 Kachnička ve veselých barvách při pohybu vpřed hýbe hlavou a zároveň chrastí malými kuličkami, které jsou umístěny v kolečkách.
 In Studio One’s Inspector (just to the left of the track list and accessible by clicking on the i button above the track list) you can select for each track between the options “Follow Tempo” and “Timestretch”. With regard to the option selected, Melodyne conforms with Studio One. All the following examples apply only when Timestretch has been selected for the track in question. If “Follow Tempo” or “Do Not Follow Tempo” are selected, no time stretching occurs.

----

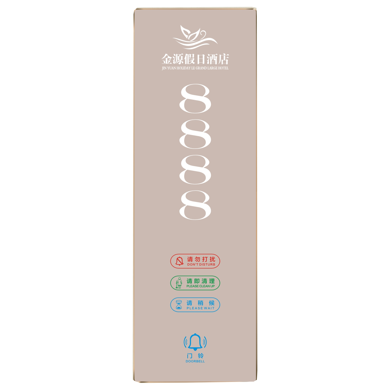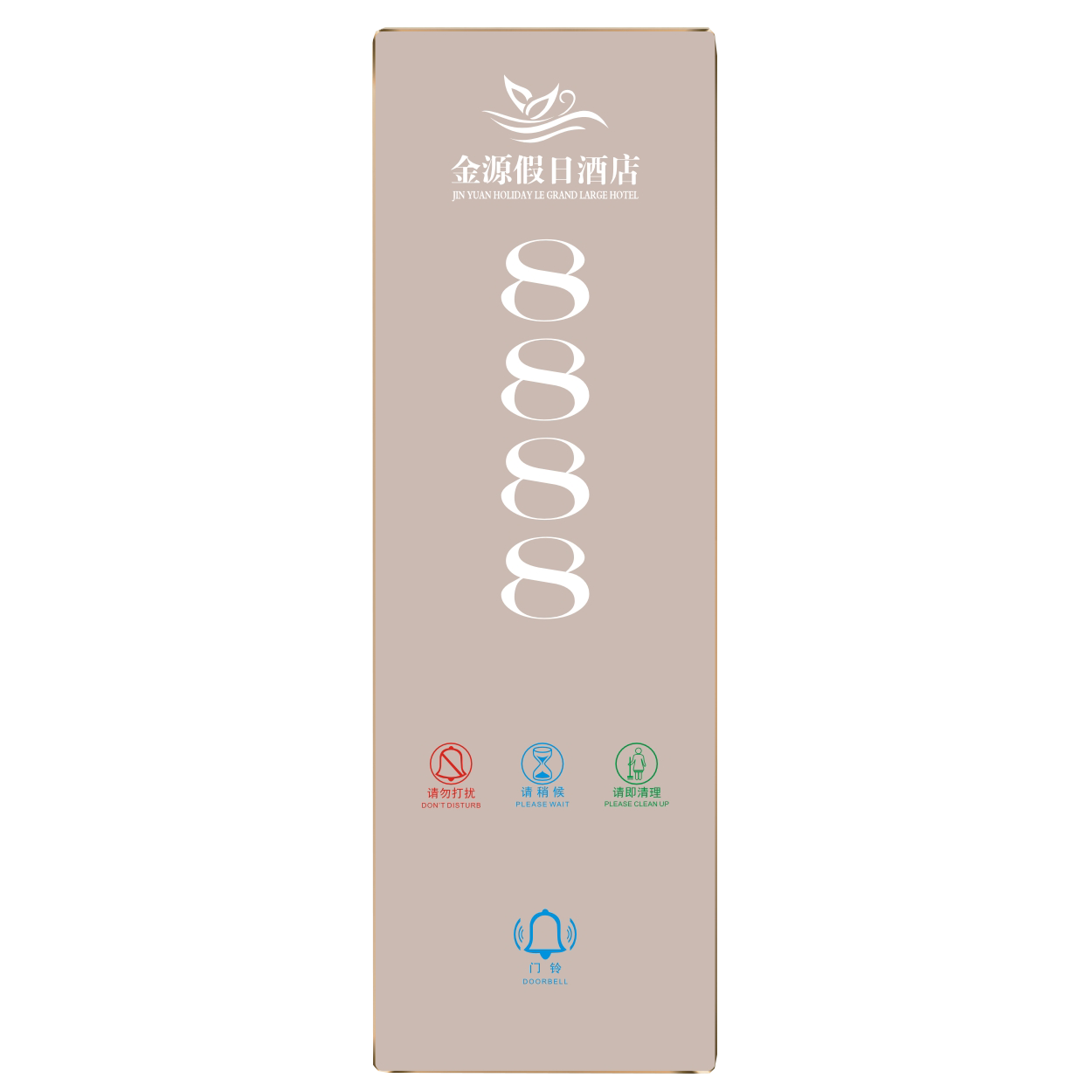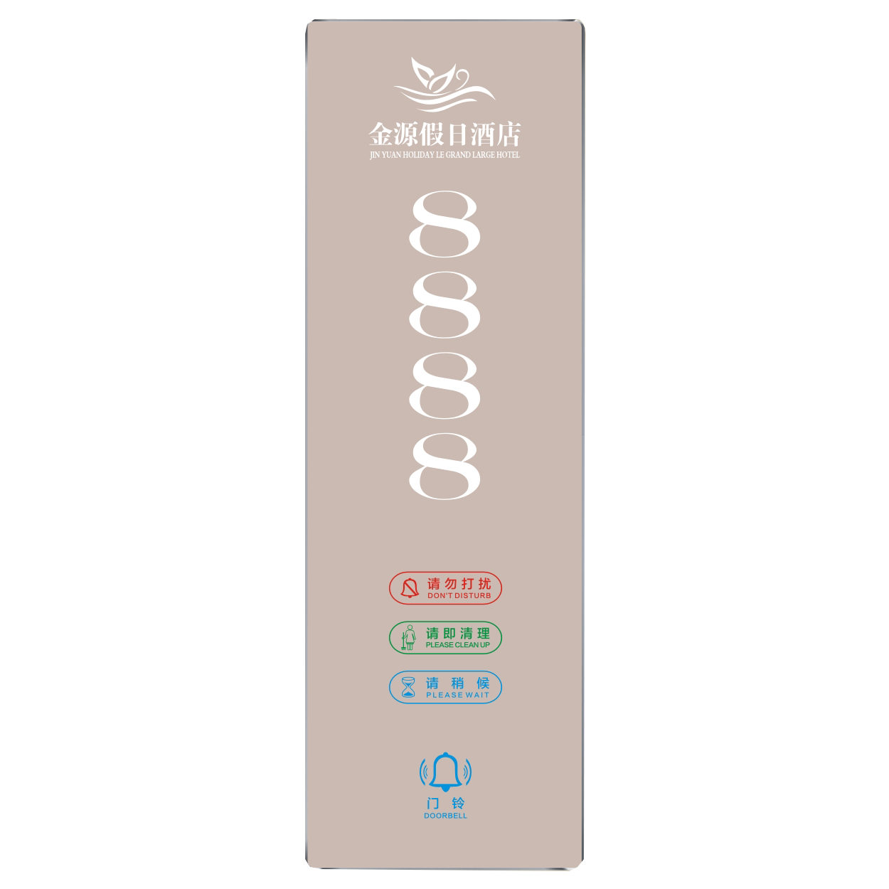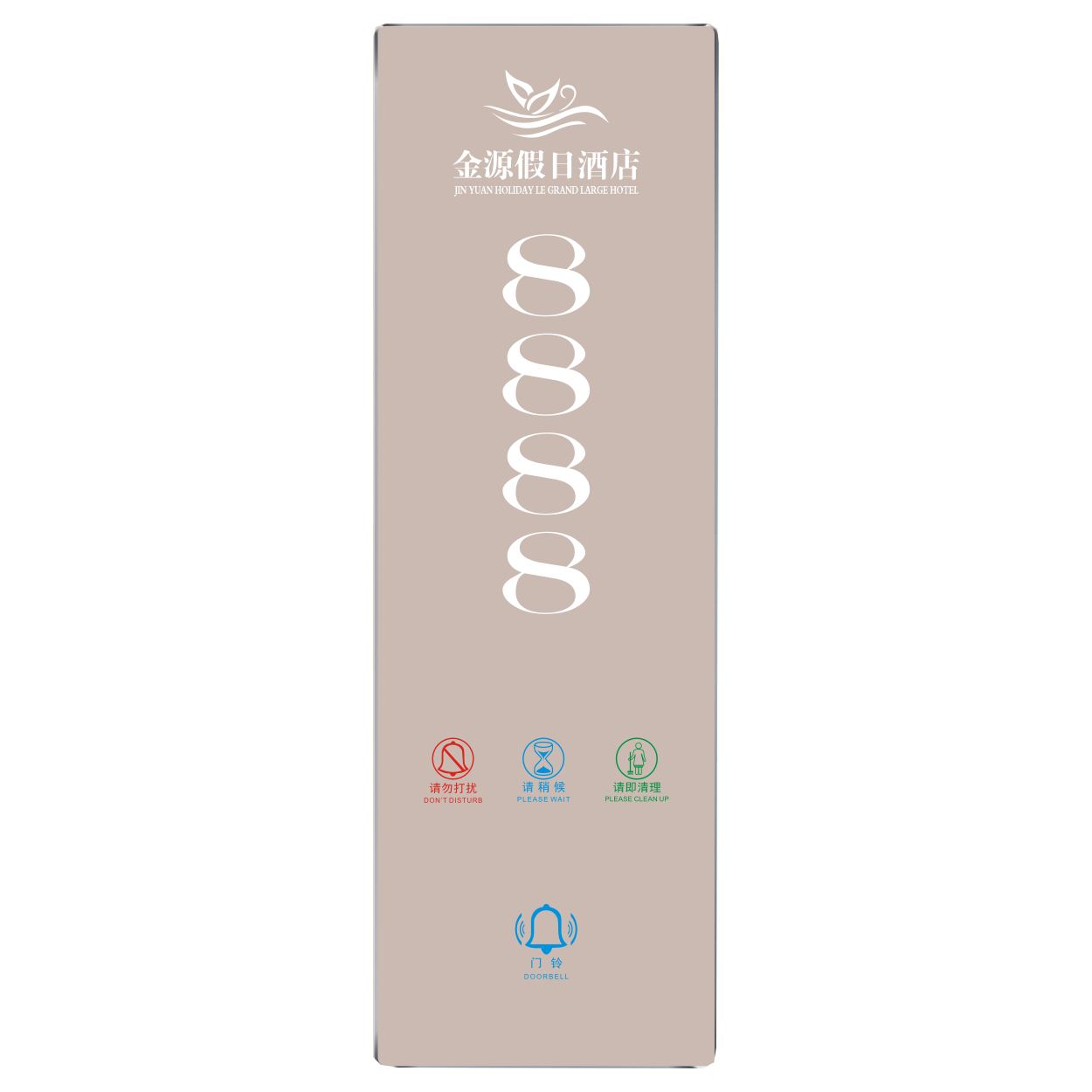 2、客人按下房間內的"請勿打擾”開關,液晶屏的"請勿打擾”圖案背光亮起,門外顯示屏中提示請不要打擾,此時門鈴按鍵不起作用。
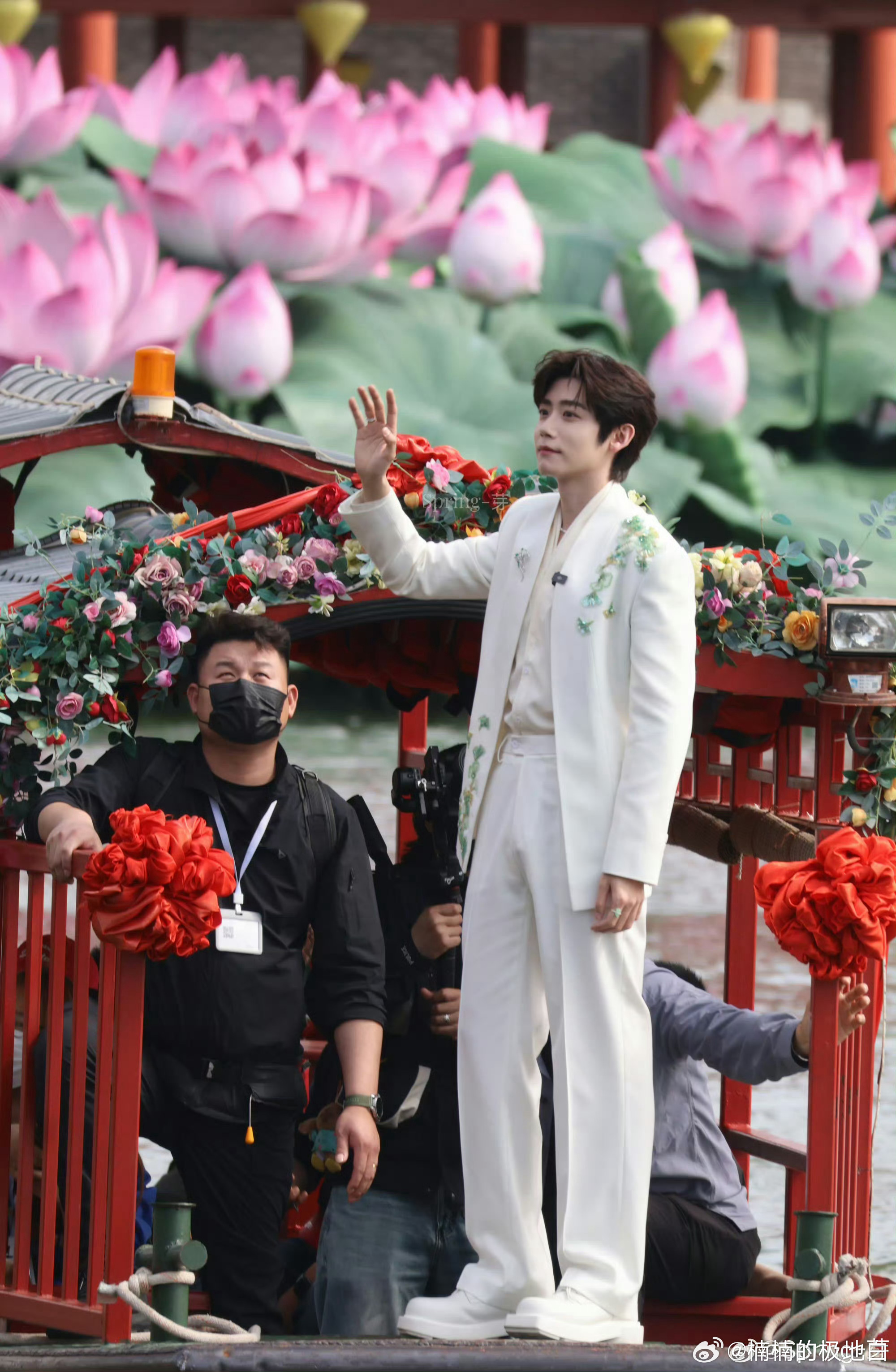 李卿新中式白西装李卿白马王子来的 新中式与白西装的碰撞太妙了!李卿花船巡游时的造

----

Exercise directions => Would you print, exactly as written, every line above from the one holding "Kachnička ve veselých" through the one holding "In Studio One’s", with both included and no other lines?

Exercise result =>
 Kachnička ve veselých barvách při pohybu vpřed hýbe hlavou a zároveň chrastí malými kuličkami, které jsou umístěny v kolečkách.
 In Studio One’s Inspector (just to the left of the track list and accessible by clicking on the i button above the track list) you can select for each track between the options “Follow Tempo” and “Timestretch”. With regard to the option selected, Melodyne conforms with Studio One. All the following examples apply only when Timestretch has been selected for the track in question. If “Follow Tempo” or “Do Not Follow Tempo” are selected, no time stretching occurs.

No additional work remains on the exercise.